On larger computers back at the University of Western Australia, Imberger and his students can monitor spectacular graphic models, whose behaviour changes according to the parameters fed into them. A wave movement pulsates in different colours across the screen. The effects on the motion of deeper layers of water can also be seen.

This approach offers a better understanding of water-related environmental problems, and a better basis for tackling them. And it allows the future responses of aquatic environments to be predicted with greater certainty, in advance, say, of development projects or planned discharges. These are just some of the potential environmental benefits of Jörg Imberger’s research.

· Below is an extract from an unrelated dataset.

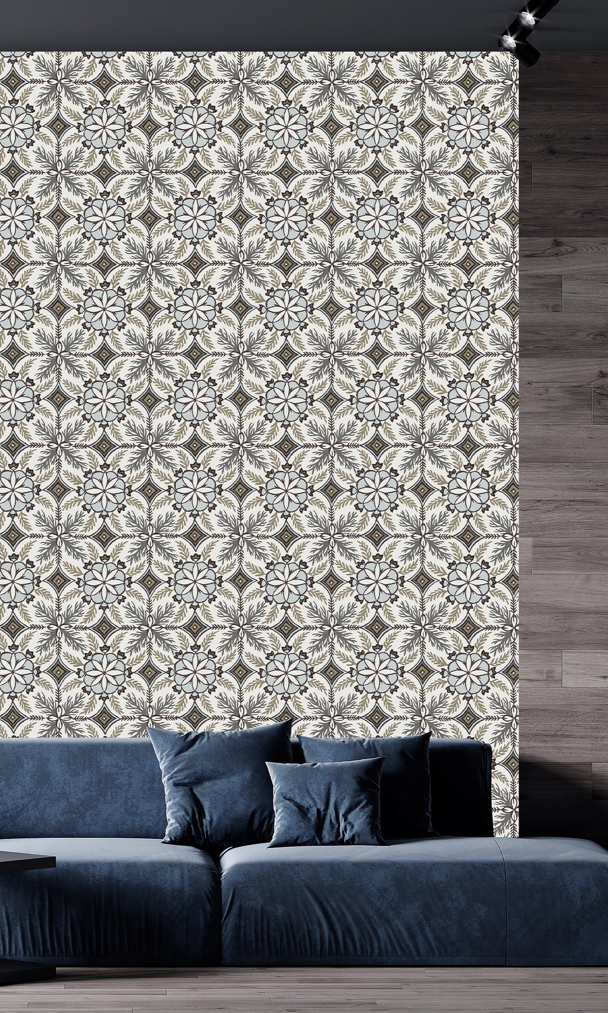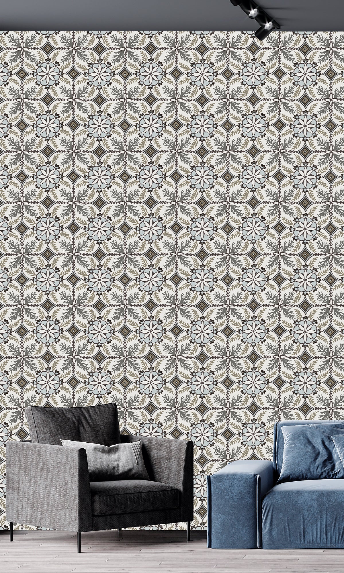 Reform your home into a haven of worldly elegance and preppy charm with our Moroccan Tiles Wallpaper. This stunning design features intricate flowers and coral reef details, adding a splash of exotic artistry while maintaining a sleek, modern vibe. The textured finish brings a subtle depth, making it perfect for creating eye-catching statement walls or achieving an all-over sophisticated look.

The global span of Professor Imberger’s work was another factor behind the decision to award him the Water Prize. To give just a few examples of the projects simultaneously claiming his attention, he is studying internal waves in tidal flows in the Netherlands, ways of maintaining water quality following the building of the Bakun dam in Borneo, the impact of bottom topography on water motion in the Valdivia estuary in Chile, the effects of waves on the biogeochemical balance of Lake Kinneret in Israel, the amounts of wastewater a reservoir in Brazil can absorb, and transport mechanisms in Lake Biwa in Japan and their consequences.

The benefits of his global experience are, perhaps, the next generation of water researchers. Professor Imberger was responsible for initiating the first environmental engineering course in Australia and also founded the Department of Environmental Engineering at the University of Western Australia. Professor Imberger’s achievements are all the more noteworthy since, as a researcher, he has gained worldwide eminence, but he is equally committed to improving outcomes for students.